User function example:

#define simple cubic force for spring-damper:
def UFforce(mbs, t, itemNumber, rotation, angularVelocity, stiffness, damping, offset):
    k = stiffness #passed as list
    u = rotation
    return k*u + 0.1*k*u**3

#markerNumbers and parameters taken from mini example
mbs.AddObject(TorsionalSpringDamper(markerNumbers = [mGround, mBody],
                                    stiffness = k,
                                    damping = k*0.01,
                                    offset = 0,
                                    springTorqueUserFunction = UFforce))

MINI EXAMPLE for ObjectConnectorTorsionalSpringDamper

#example with rigid body at [0,0,0], with torsional load
k=2e3
nBody = mbs.AddNode(RigidRxyz())
oBody = mbs.AddObject(RigidBody(physicsMass=1, physicsInertia=[1,1,1,0,0,0],
                                nodeNumber=nBody))

mBody = mbs.AddMarker(MarkerNodeRigid(nodeNumber=nBody))
mGround = mbs.AddMarker(MarkerBodyRigid(bodyNumber=oGround,
                                        localPosition = [0,0,0]))
mbs.AddObject(RevoluteJointZ(markerNumbers = [mGround, mBody])) #rotation around ground Z-axis
mbs.AddObject(TorsionalSpringDamper(markerNumbers = [mGround, mBody],
                                    stiffness = k, damping = k*0.01, offset = 0))
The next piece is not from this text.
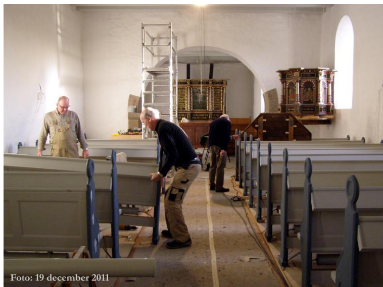
Foto: 19 december 2011

Kirken vil blive genåbnet ved en gudstjeneste søndag den 12. Februar 2012 kl. 10.00 med efterfølgende traktement i Låstrup Forsamlingshus.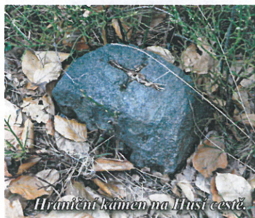
Husí kámen na Husí cestě

Pisčitou cestou, vedoucí smrkovým, většinou mladým lesem, stoupáme od útulné Skalky k výšině, brzy vpravo, brzy zas vlevo do zádumčivého skalního labyrintu pohlížejíce. Ohlédneme-li se, spatřujeme za sebou známý nám již, půvabně utvořený Vilhošť, jehož bizarní skalní útvary s této strany zvláště zřetelně vynikají, za ním pak v polokruhu řadí se hora k hoře, kužel ke kuželi; my však ku předu kráčejíce vždy hlouběji noříme se v tajemný skalní svět.

#torque around z-axis; expect approx. phiZ = 1/k=0.0005
mbs.AddLoad(Torque(markerNumber = mBody, loadVector=[0,0,1]))

#assemble and solve system for default parameters
mbs.Assemble()
mbs.SolveDynamic(exu.SimulationSettings())

#check result at default integration time
exudynTestGlobals.testResult = mbs.GetNodeOutput(nBody, exu.OutputVariableType.Rotation)[2]

Relevant Examples and TestModels with weblink:

mobileMecanumWheelRobotWithLidar.py (Examples/), ROSMobileManipulator.py (Examples/), ROSTurtle.py (Examples/), serialRobotInteractiveLimits.py (Examples/), serialRobotTSD.py (Examples/), rotatingTableTest.py (TestModels/), sliderCrank3Dbenchmark.py (TestModels/)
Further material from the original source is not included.